Work required
Reproduce, exactly and in full, the lines from the one with "А как ты думаешь, о" through the one with "インドネシア・バリ島で男子生" in the data below; drop pictures.

Raw data
┌──
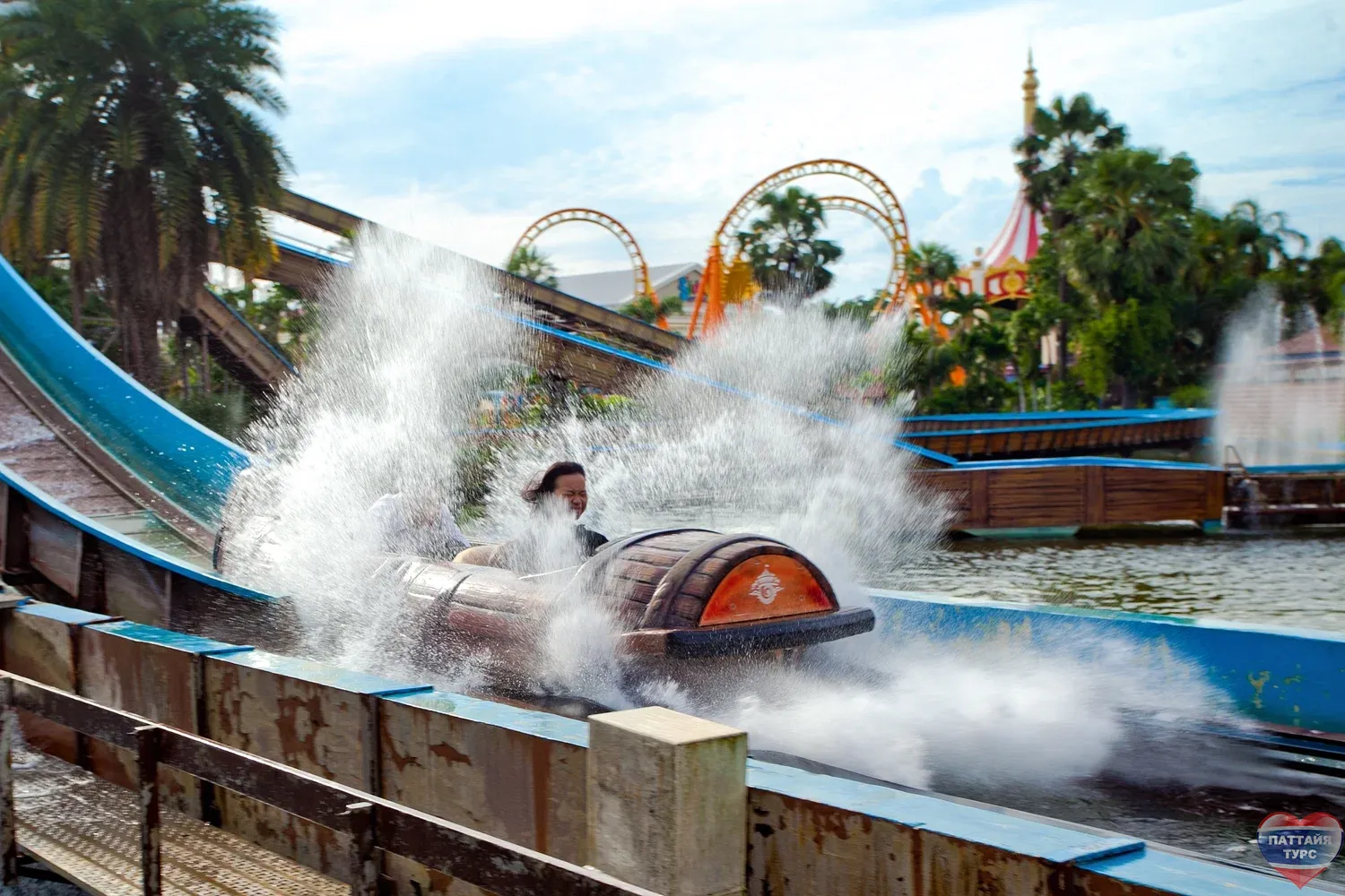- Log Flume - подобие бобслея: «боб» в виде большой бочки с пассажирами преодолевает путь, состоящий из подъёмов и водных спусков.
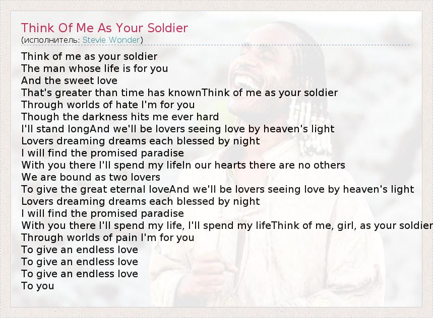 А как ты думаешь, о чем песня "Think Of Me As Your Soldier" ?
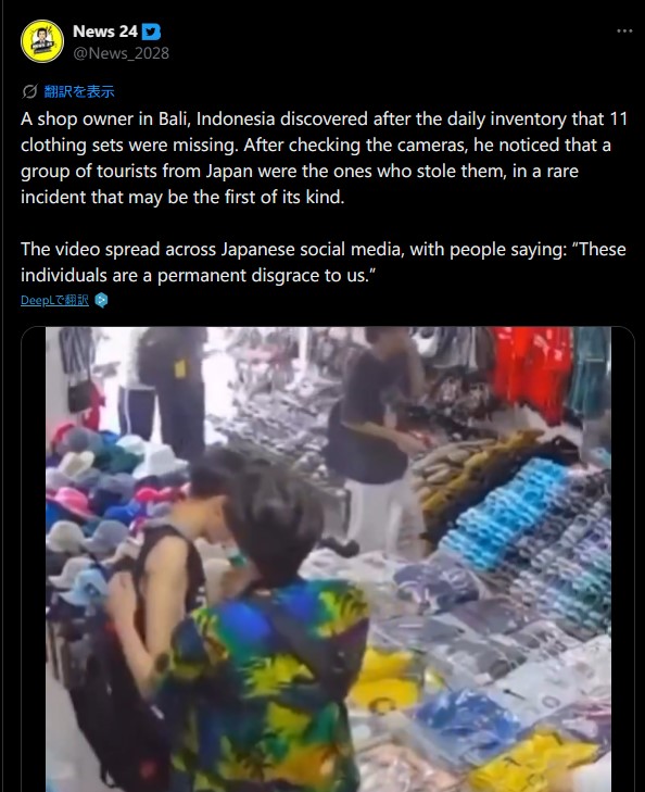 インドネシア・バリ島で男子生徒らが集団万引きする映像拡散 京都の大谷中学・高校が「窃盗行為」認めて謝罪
└──
┌──
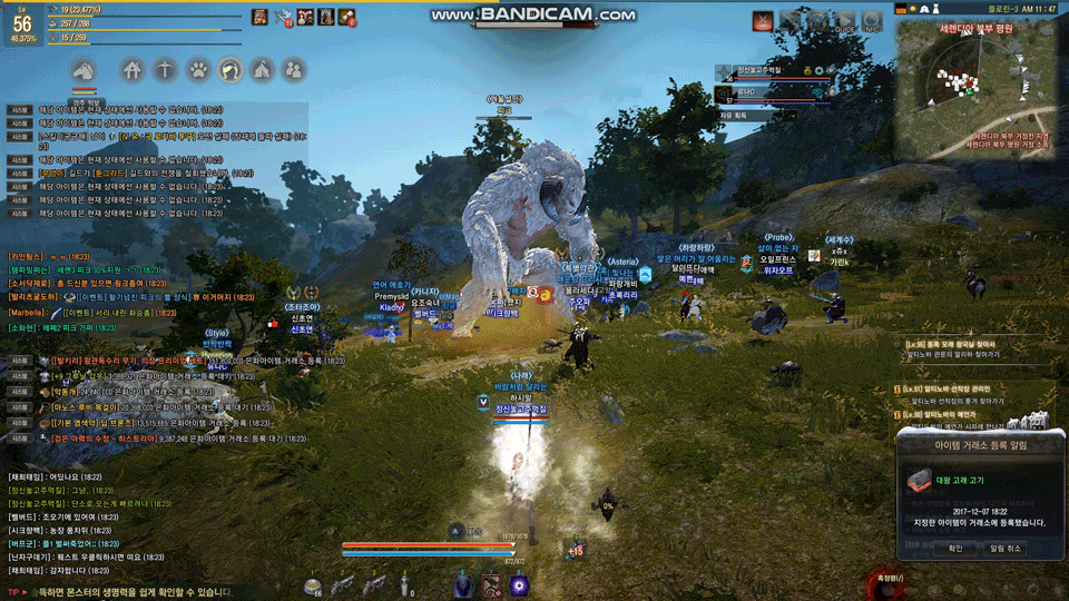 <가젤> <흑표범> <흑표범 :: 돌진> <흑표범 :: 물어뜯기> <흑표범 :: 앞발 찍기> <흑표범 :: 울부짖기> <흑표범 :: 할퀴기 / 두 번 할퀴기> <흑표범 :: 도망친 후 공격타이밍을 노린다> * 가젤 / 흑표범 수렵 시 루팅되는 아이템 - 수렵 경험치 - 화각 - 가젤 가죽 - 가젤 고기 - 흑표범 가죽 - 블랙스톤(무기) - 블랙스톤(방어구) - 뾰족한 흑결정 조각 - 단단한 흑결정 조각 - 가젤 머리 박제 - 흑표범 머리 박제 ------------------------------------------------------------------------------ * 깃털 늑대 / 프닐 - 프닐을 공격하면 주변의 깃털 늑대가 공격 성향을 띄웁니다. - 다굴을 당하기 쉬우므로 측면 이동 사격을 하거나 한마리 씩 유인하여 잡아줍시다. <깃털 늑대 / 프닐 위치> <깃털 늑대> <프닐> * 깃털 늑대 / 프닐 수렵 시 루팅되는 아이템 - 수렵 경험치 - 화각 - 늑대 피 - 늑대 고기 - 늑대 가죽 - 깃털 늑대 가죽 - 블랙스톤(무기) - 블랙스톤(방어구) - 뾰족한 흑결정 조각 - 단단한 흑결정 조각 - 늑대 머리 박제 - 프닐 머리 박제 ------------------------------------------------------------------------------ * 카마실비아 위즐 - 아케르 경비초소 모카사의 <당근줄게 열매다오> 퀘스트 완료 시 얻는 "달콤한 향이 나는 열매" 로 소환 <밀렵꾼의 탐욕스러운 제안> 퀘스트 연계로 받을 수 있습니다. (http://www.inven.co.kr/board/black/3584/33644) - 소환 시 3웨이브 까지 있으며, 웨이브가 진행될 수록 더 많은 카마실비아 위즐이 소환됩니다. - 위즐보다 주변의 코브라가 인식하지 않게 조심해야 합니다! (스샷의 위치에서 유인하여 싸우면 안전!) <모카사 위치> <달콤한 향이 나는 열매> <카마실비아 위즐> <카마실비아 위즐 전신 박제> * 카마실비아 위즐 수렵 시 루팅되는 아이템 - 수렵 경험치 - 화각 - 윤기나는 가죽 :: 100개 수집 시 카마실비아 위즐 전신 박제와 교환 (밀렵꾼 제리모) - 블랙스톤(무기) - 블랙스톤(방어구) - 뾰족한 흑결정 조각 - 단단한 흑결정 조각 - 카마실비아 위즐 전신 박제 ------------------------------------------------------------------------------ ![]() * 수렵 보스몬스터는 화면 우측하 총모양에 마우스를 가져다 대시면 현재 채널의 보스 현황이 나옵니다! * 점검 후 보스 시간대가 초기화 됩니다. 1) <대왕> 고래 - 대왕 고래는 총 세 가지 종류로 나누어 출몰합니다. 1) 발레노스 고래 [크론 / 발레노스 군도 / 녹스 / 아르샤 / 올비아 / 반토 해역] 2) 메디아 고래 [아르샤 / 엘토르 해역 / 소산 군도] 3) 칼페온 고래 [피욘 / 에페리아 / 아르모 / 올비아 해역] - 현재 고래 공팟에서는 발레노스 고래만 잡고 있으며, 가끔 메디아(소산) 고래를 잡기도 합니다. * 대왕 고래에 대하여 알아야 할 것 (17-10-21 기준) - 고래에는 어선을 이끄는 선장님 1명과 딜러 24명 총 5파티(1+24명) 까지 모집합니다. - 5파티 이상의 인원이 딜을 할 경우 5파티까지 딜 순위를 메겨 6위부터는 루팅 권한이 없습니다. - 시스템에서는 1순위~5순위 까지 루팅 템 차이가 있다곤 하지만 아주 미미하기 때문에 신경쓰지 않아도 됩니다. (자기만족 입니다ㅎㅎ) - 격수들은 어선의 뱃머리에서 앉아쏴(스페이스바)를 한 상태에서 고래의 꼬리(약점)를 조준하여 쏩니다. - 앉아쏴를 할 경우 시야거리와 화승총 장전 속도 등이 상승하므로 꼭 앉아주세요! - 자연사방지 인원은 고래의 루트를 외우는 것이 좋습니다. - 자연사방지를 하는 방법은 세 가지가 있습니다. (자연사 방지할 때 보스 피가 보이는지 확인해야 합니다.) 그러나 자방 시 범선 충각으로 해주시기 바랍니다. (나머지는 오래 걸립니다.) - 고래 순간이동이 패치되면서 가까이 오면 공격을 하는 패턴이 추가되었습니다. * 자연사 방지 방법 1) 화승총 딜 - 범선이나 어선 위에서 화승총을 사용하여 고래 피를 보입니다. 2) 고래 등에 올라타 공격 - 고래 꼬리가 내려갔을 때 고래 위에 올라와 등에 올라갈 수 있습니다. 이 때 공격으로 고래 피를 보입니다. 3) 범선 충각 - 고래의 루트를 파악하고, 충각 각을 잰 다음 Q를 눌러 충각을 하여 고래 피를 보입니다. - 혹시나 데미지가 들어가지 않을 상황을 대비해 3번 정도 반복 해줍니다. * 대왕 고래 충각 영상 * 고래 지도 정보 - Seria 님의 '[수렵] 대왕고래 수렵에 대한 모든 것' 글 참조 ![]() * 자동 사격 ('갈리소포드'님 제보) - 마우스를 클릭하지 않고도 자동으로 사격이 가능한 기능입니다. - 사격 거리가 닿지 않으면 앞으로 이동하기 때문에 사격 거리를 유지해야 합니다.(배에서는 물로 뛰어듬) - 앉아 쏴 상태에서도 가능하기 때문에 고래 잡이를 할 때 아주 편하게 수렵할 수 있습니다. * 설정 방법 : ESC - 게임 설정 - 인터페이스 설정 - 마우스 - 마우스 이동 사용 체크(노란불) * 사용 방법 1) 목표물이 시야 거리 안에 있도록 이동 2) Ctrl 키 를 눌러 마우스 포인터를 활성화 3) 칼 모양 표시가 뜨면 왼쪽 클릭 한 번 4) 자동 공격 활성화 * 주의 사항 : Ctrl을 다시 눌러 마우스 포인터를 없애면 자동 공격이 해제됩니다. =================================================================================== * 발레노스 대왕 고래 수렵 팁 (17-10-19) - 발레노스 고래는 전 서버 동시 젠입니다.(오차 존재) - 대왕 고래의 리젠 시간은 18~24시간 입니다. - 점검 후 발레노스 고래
└──
Expected answer
 А как ты думаешь, о чем песня "Think Of Me As Your Soldier" ?
 インドネシア・バリ島で男子生徒らが集団万引きする映像拡散 京都の大谷中学・高校が「窃盗行為」認めて謝罪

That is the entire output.